///WebTaskBench
FAILED SITES

Sites That Blocked Us

7 out of 51 attempted sites could not be benchmarked. Transparency about failures is important for a credible benchmark.

SiteReason
stackoverflow.comAnti-bot detection (Cloudflare challenge page)
reddit.comAnti-bot detection (requires JavaScript rendering)
w3.orgHeavy server-side protection and rate limiting
reuters.comAnti-bot detection (cookie consent wall + JS challenge)
techcrunch.comAnti-bot detection (Cloudflare challenge page)
dev.toHeavy JavaScript rendering required (SPA shell only)
mysql.comAnti-bot detection (Oracle enterprise bot protection)

Why Sites Fail

The benchmark uses curl -sL to fetch pages, which is a plain HTTP client without JavaScript execution. This mirrors how many AI agent tools fetch web content.

Anti-Bot Detection

Sites like StackOverflow, Reddit, Reuters, and TechCrunch use services like Cloudflare to detect and block automated access. The curl request receives a challenge page instead of the actual content. This is the most common failure mode.

JavaScript-Only Rendering

Sites like dev.to are single-page applications that deliver a minimal HTML shell and render all content via JavaScript. Without a browser engine, the fetched HTML contains almost no usable content.

Enterprise Protection

mysql.com uses Oracle's enterprise-grade bot protection, which blocks automated requests. w3.org applies aggressive rate limiting and server-side protection.

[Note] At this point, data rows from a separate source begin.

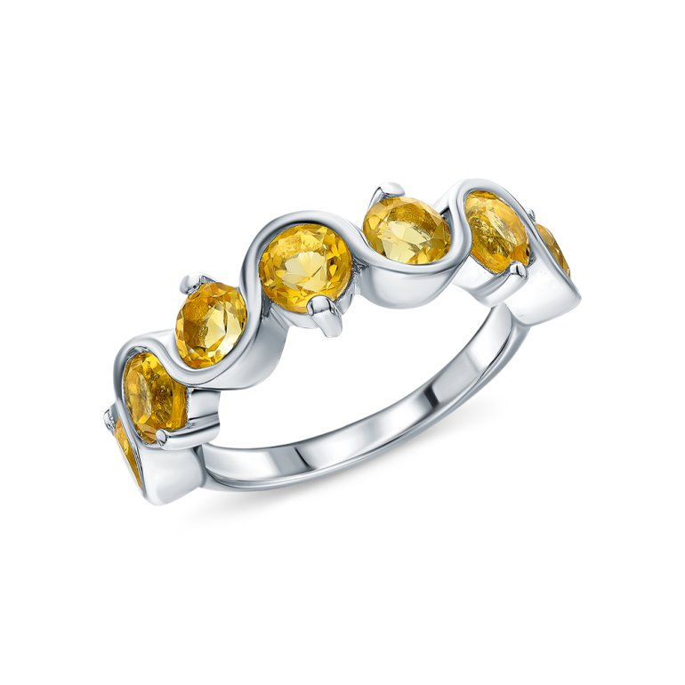 Кольцо с 7 цитринами природными, 1.68 карат; Серебро 925 пробы.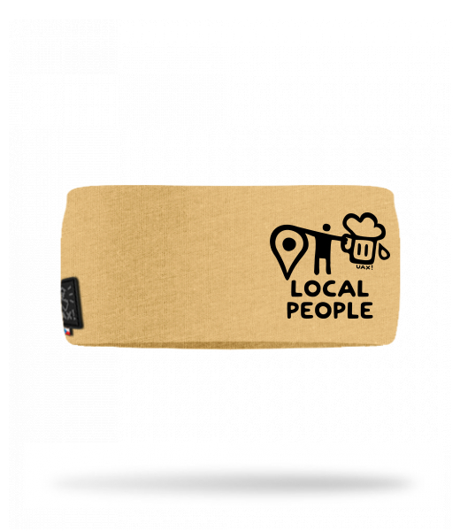 Cotton sports headband for man with design 1360 LOCAL PEOPLE BIG in color MUSTARD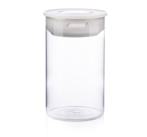 Sklenená dóza TUBE s objemom 1250 ml s tesniacim viečkom, ktoré predĺži čerstvosť skladovaných potravín.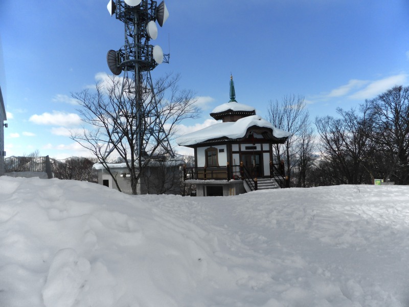 手稲山山頂は雪が多く、山頂の神社は雪の中でした。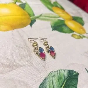 Gold dangle earrings feature pale yellow crystal glass bezels, colorful, floral resin heart pendants and French ball ear hooks.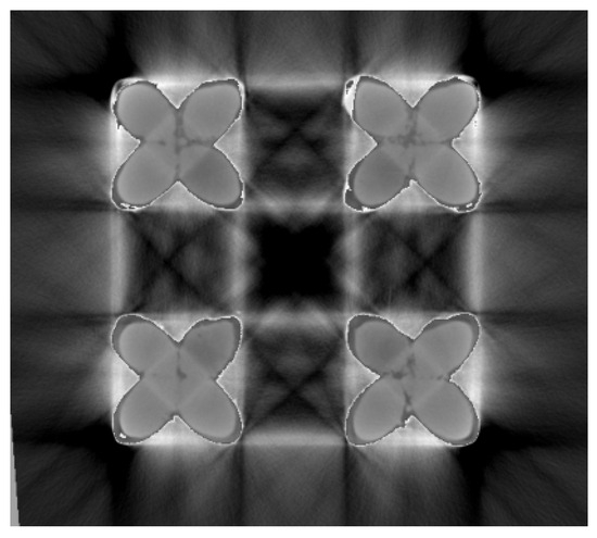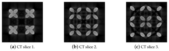 The original CT section is shown in Figure 7. It can be seen from Figure 7 that there are many metal artifacts in the lattice structure CT slices at different stages.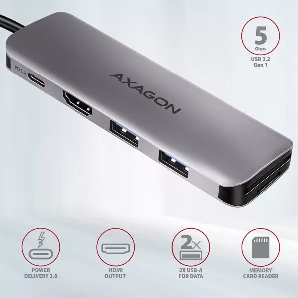 Hub USB Axagon HMC-5, USB-A, 2x USB-A + HDMI + SD/microSD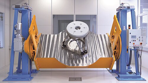 - Lifting and tilting equipment with a load capacity of 5 tons allows qualifying of positioning systems at any angle with application-specific alignment and load.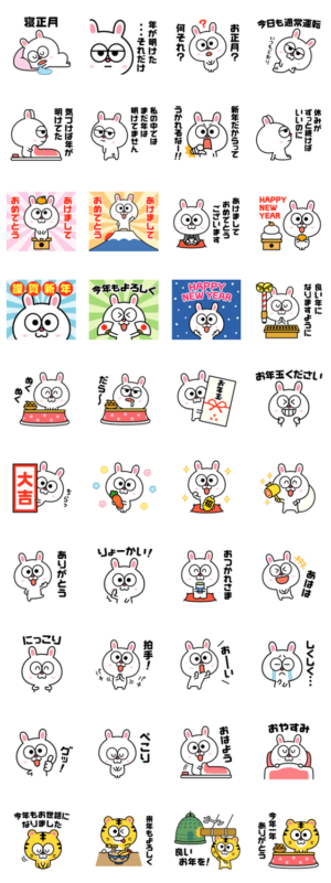 お疲れ気味のお正月(2023年はうさぎ年) スタンプ画像一覧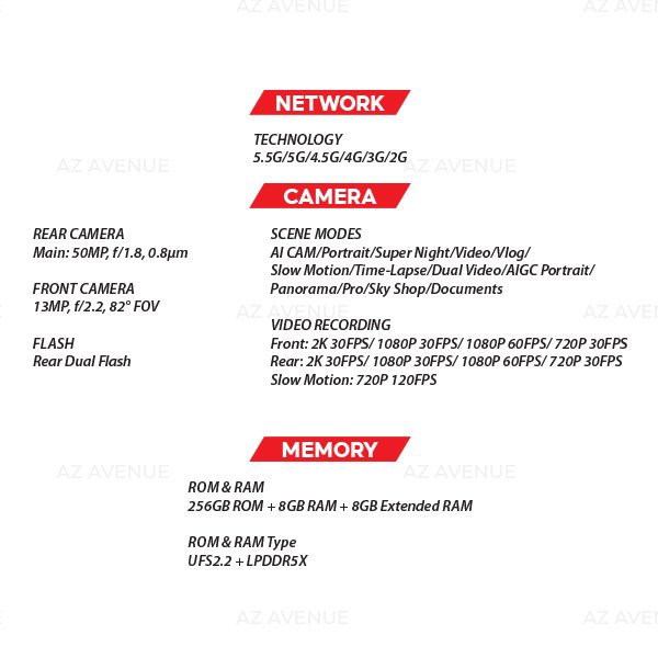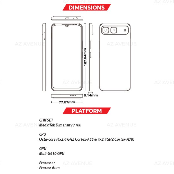 - MediaTek Dimensity 7100 5G Chipset: High-performance 6nm octa-core processor with clock speeds up to 2.4GHz, delivering efficient 5.5G/5G connectivity.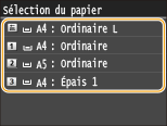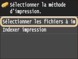 Vous pouvez imprimer des miniatures des fichiers JPEG stockés sur un périphérique mémoire USB. Pour imprimer les images sous forme de miniatures, sélectionnez <Indexer impression> dans l'écran, puis passez à l'étape suivante.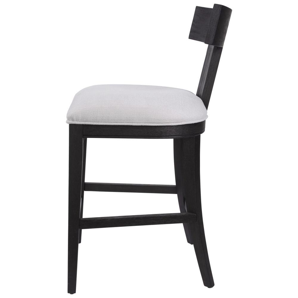 This Modern Take On A Klismos Design Features A Curved Rubber Wood Frame That Has Been Wire Brushed And Rubbed In A Charcoal Black Stain, Paired With A White Slubbed Performance Fabric Cushion. Seat Height Is 26".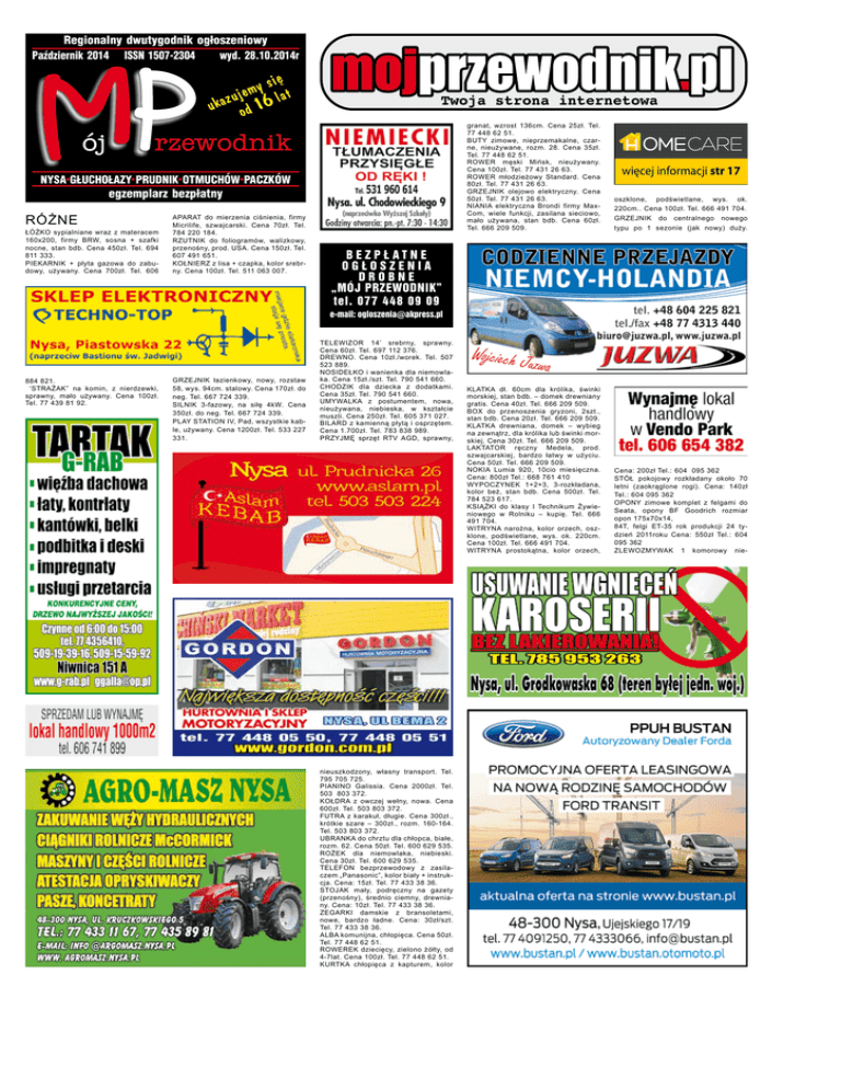 Regionalny dwutygodnik og³oszeniowy Październik 2014 ISSN 1507-2304 wyd. 28.10.2014r siê y m uje 6 lat z a k u od 1 NYSA G£UCHO£AZY PRUDNIK OTMUCHÓW PACZKÓW egzemplarz bezp³atny RÓŻNE ŁÓŻKO sypialniane wraz z materacem 160x200, firmy BRW, sosna + szafki nocne, stan bdb. Cena 450zł. Tel. 694 811 333. PIEKARNIK + płyta gazowa do zabudowy, używany. Cena 700zł. Tel. 606 APARAT do mierzenia ciśnienia, firmy Micrilife, szwajcarski. Cena 70zł. Tel. 784 220 184. RZUTNIK do foliogramów, walizkowy, przenośny, prod. USA. Cena 150zł. Tel. 607 491 651. KOŁNIERZ z lisa + czapka, kolor srebrny. Cena 100zł. Tel. 511 063 007. granat, wzrost 136cm. Cena 25zł. Tel. 77 448 62 51. BUTY zimowe, nieprzemakalne, czarne, nieużywane, rozm. 28. Cena 35zł. Tel. 77 448 62 51. ROWER męski Mińsk, nieużywany. Cena 100zł. Tel. 77 431 26 63. ROWER młodzieżowy Standard. Cena 80zł. Tel. 77 431 26 63. GRZEJNIK olejowo elektryczny. Cena 50zł. Tel. 77 431 26 63. NIANIA elektryczna Brondi firmy MaxCom, wiele funkcji, zasilana sieciowo, mało używana, stan bdb. Cena 60zł. Tel. 666 209 509. oszklone, podświetlane, wys. ok. 220cm.. Cena 100zł. Tel. 666 491 704. GRZEJNIK do centralnego nowego typu po 1 sezonie (jak nowy) duży. KLATKA dł. 60cm dla królika, świnki morskiej, stan bdb. – domek drewniany gratis. Cena 40zł. Tel. 666 209 509. BOX do przenoszenia gryzoni, 2szt., stan bdb. Cena 20zł. Tel. 666 209 509. KLATKA drewniana, domek – wybieg na zewnątrz, dla królika lub świnki morskiej. Cena 30zł. Tel. 666 209 509. LAKTATOR ręczny Medela, prod. szwajcarskiej, bardzo łatwy w użyciu. Cena 50zł. Tel. 666 209 509. NOKIA Lumia 920, 10cio miesięczna. Cena: 800zł Tel.: 668 761 410 WYPOCZYNEK 1+2+3, 3-rozkładana, kolor beż, stan bdb. Cena 500zł. Tel. 784 523 617. KSIĄŻKI do klasy I Technikum Żywieniowego w Rolniku – kupię. Tel. 666 491 704. WITRYNA narożna, kolor orzech, oszklone, podświetlane, wys. ok. 220cm. Cena 100zł. Tel. 666 491 704. WITRYNA prostokątna, kolor orzech, Cena: 200zł Tel.: 604 095 362 STÓŁ pokojowy rozkładany około 70 letni (zaokrąglone rogi). Cena: 140zł Tel.: 604 095 362 OPONY zimowe komplet z felgami do Seata, opony BF Goodrich rozmiar opon 175x70x14, 84T, felgi ET-35 rok produkcji 24 tydzień 2011roku Cena: 550zł Tel.: 604 095 362 ZLEWOZMYWAK 1 komorowy nie- więcej informacji str 17 BEZPŁATNE OGŁOSZENIA DROBNE „MÓJ PRZEWODNIK” tel. 077 448 09 09 e-mail: [email protected] 884 821. ‘STRAŻAK” na komin, z nierdzewki, sprawny, mało używany. Cena 100zł. Tel. 77 439 81 92. GRZEJNIK łazienkowy, nowy, rozstaw 58, wys. 94cm. stalowy. Cena 170zł. do neg. Tel. 667 724 339. SILNIK 3-fazowy, na siłę 4kW. Cena 350zł. do neg. Tel. 667 724 339. PLAY STATION IV, Pad, wszystkie kable, używany. Cena 1200zł. Tel. 533 227 331. TELEWIZOR 14’ srebrny, sprawny. Cena 60zł. Tel. 697 112 376. DREWNO. Cena 10zł./worek. Tel. 507 523 889. NOSIDEŁKO i wanienka dla niemowlaka. Cena 15zł./szt. Tel. 790 541 660. CHODZIK dla dziecka z dodatkami. Cena 35zł. Tel. 790 541 660. UMYWALKA z postumentem, nowa, nieużywana, niebieska, w kształcie muszli. Cena 250zł. Tel. 605 371 027. BILARD z kamienną płytą i osprzętem. Cena 1.700zł. Tel. 783 838 989. PRZYJMĘ sprzęt RTV AGD, sprawny, nieuszkodzony, własny transport. Tel. 795 705 725. PIANINO Galissia. Cena 2000zł. Tel. 503 803 372. KOŁDRA z owczej wełny, nowa. Cena 600zł. Tel. 503 803 372. FUTRA z karakuł, długie. Cena 300zł., krótkie szare – 300zł., rozm. 160-164. Tel. 503 803 372. UBRANKA do chrztu dla chłopca, białe, rozm. 62. Cena 50zł. Tel. 600 629 535. ROŻEK dla niemowlaka, niebieski. Cena 30zł. Tel. 600 629 535. TELEFON bezprzewodowy z zasilaczem „Panasonic”, kolor biały + instrukcja. Cena: 15zł. Tel. 77 433 38 36. STOJAK mały, podręczny na gazety (przenośny), średnio ciemny, drewniany. Cena: 10zł. Tel. 77 433 38 36. ZEGARKI damskie z bransoletami, nowe, bardzo ładne. Cena: 30zł/szt. Tel. 77 433 38 36. ALBA komunijna, chłopięca. Cena 50zł. Tel. 77 448 62 51. ROWEREK dziecięcy, zielono żółty, od 4-7lat. Cena 100zł. Tel. 77 448 62 51. KURTKA chłopięca z kapturem, kolor str. BEZPŁATNE OGŁOSZENIA DROBNE, tel. 77 448 09 09 pn. - pt. od 9.00 - 17.00, [email protected], www.mojprzewodnik.pl BEZPŁATNE OGŁOSZENIA DROBNE „MÓJ PRZEWODNIK” tel. 077 448 09 09 [email protected] rdzewny nowy Cena: 60zł Tel.: 604 095 362 SYNTEZATOR Ensoniq vfx-sd ważona klawiatura, seqwencer Cena: 1200złTel.: 606 352 881 WZMACNIACZ gitarowy combo profesjonalne brzmienie DEAN MARKLEY K 20 Cena: 150zł Tel.: 606 352 881 BĘBNY elektroniczne sześciokątne białe Cena: 600zł Tel.: 606 352 881 POWERMIKSER Behringer PMP3000 Cena: 1300zł Tel.: 606 352 881 BASY firmowy na głośnikach 15” Cena: 500zł sztuka Tel.: 606 352 881 WZMACNIACZ karaoke na trzy mikrofony z pogłosem Cena: 150zł Tel.: 606 352 881 OPONY 2 sztuki 14-stki zimowe do golfa IV Cena: 100zł Tel.: 602 262 990 PŁASZCZ wiosenno-jesienny kolor czarny ładny krój Cena: 50zł 602 262 990 KARNISZE plastikowe 4 sztuki kompletne kolor czarno-złote z zasłonami kolor czerwony Cena: 50zł Tel.: 602 262 990 ROWER treningowy Ketler Cena: 350zł. do neg. Tel.: 666 894 957 BUDA dla psa duża ocieplana Cena: 350zł. do neg. Tel.: 666 894 957 STÓŁ kamienny ogrodowy Cena: 1200zł. do neg. Tel.: 666 894 957 BĘBEN do perkusji 22 Cale stan dobry Cena: 140zł Tel.: 604 506 698 ZASILACZ do organ nowy stan bardzo dobry Cena: 70zł Tel: 77 433 06 13, 604 506 698 LAMPKĘ na statyw nowa na 230 V stan bardzo dobry Cena: 120zł Tel.: 604 506 698 MIKROFON bezprzewodowy z zasilaczem stan dobry Cena: 150zł Tel.: 604 506 698 APARAT tlenowy Companion 590 i 155/80R B Cena: 1000zł Tel.: 512 983 954 MATERAC wodny przeciw odleżynowy Cena: 500zł Tel.: 512 983 954 MASZYNA do szycia Cena: 50zł Tel.: 723 918 262 WĄŻ do baterii łazienkowej + słuchawka + uchwyt 2sz. długość wężą 140cm Cena: 40zł komplet. Tel.: 513 684 429 Z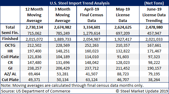 This first estimate of U.S. steel imports for June shows foreign purchases trending further downward. The rate of Commerce Department import licenses, extrapolated out through the end of the month, forecasts total steel imports of less than 2.5 million tons in June, well below the average of around 2.7 million tons.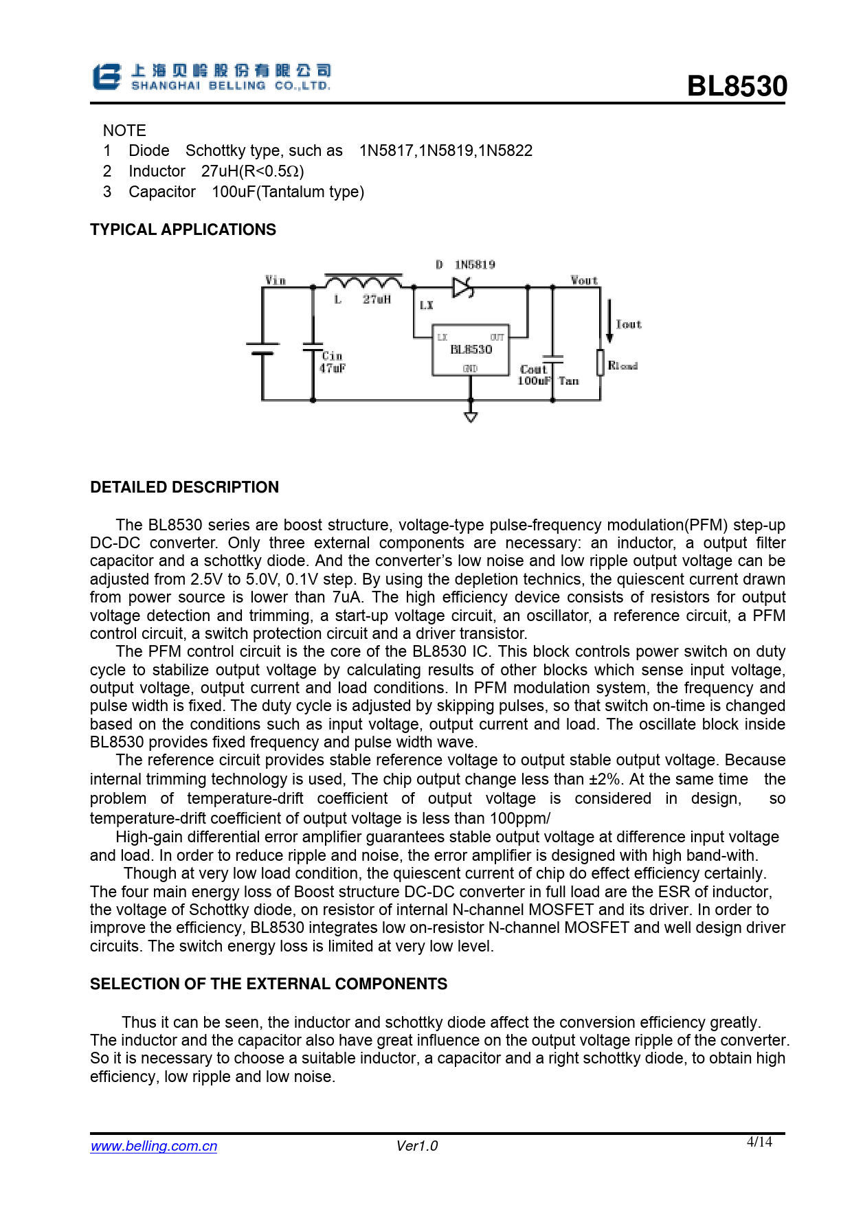 BL8530 NOTE: 1、 Diode:Schottky type, such as:1N5817,1N5819,1N5822 2、 Inductor:27uH(R<0.5Ω) 3、 Capacitor:100uF(Tantalum type) TYPICAL APPLICATIONS : DETAILED DESCRIPTION The BL8530 series are boost structure, voltage-type pulse-frequency modulation(PFM) step-up DC-DC converter. Only three external components are necessary: an inductor, a output filter capacitor and a schottky diode. And the converter’s low noise and low ripple output voltage can be adjusted from 2.5V to 5.0V, 0.1V step. By using the depletion technics, the quiescent current drawn from power source is lower than 7uA. The high efficiency device consists of resistors for output voltage detection and trimming, a start-up voltage circuit, an oscillator, a reference circuit, a PFM control circuit, a switch protection circuit and a driver transistor. The PFM control circuit is the core of the BL8530 IC. This block controls power switch on duty cycle to stabilize output voltage by calculating results of other blocks which sense input voltage, output voltage, output current and load conditions. In PFM modulation system, the frequency and pulse width is fixed. The duty cycle is adjusted by skipping pulses, so that switch on-time is changed based on the conditions such as input voltage, output current and load. The oscillate block inside BL8530 provides fixed frequency and pulse width wave. The reference circuit provides stable reference voltage to output stable output voltage. Because internal trimming technology is used, The chip output change less than ±2%. At the same time,the problem of temperature-drift coefficient of output voltage is considered in design, so temperature-drift coefficient of output voltage is less than 100ppm/℃。 High-gain differential error amplifier guarantees stable output voltage at difference input voltage and load. In order to reduce ripple and noise, the error amplifier is designed with high band-with. Though at very low load condition, the quiescent current of chip do effect efficiency certainly. The four main energy loss of Boost structure DC-DC converter in full load are the ESR of inductor, the voltage of Schottky diode, on resistor of internal N-channel MOSFET and its driver. In order to improve the efficiency, BL8530 integrates low on-resistor N-channel MOSFET and well design driver circuits. The switch energy loss is limited at very low level. SELECTION OF THE EXTERNAL COMPONENTS Thus it can be seen, the inductor and schottky diode affect the conversion efficiency greatly. The inductor and the capacitor also have great influence on the output voltage ripple of the converter. So it is necessary to choose a suitable inductor, a capacitor and a right schottky diode, to obtain high efficiency, low ripple and low noise. www.belling.com.cn Ver1.0 4/ 14

Implications for AI Agents

These failures highlight a real challenge for AI agents: not all of the web is accessible via simple HTTP fetching. Agents that need content from these sites require browser-based approaches, which add complexity and latency.

Future benchmark runs may include a browser-based fetching mode to capture these sites. For now, we report them honestly as failures.